Fabergé silver table lighter, workmaster Julius Rappoport, St. Petersburg, Russia, 1904-1908
Silver, cotton (?) wick
15/16 x 3 3/8 x 5 1/8 in. (2.4 x 8.5 x 13 cm)
Inv. no. ab_0321
Fabergé workmaster Julius Rappoport (1850/51-1917) is particularly well known for his minutely detailed and stunningly lifelike silver studies of animals designed to impress as well as to carry out some practical function, usually as a lighter. As the photographs show, he has taken special care to work the entire surface so that if, or when, the lighter was picked up or turned upside down, the illusion was not interrupted by a smooth surface lacking detail.

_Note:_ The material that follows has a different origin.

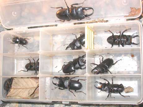 というわけで ヒラタ♂12(うちリリース3)♀3、ノコ♂1、カブト♂2♀1、コクワ少々という成果でした。

He was born Isak Abramovich Rappoport in what is now Dotnuva, Lithuania. By 1883 he had opened his own silver workshop in St. Petersburg, where his talent caught the eye of Karl Fabergé. Rappoport was a gifted silversmith who also made fine dinner services, candelabra, and even rare examples of silver-mounted wood furniture. He became Fabergé’s chief silversmith and was called upon to produce the firm’s most important commissions, including silver dowry services for Grand Duchesses Ksenia and Olga Alexandrovna, daughters of Alexander III. In the early 1890s, Isak Rappoport converted to the German Evangelical Lutheran church, taking the new first name Julius Alexandrovich. Official anti-Semitism made it difficult, if not impossible, for a Jew to be included among Suppliers to the Imperial Court. The state officially encouraged conversion to Russian Orthodoxy. Rappoport’s choice to become Lutheran, still considered a “foreign” church inside Russia, seems to be a small gesture of protest against this system of discrimination.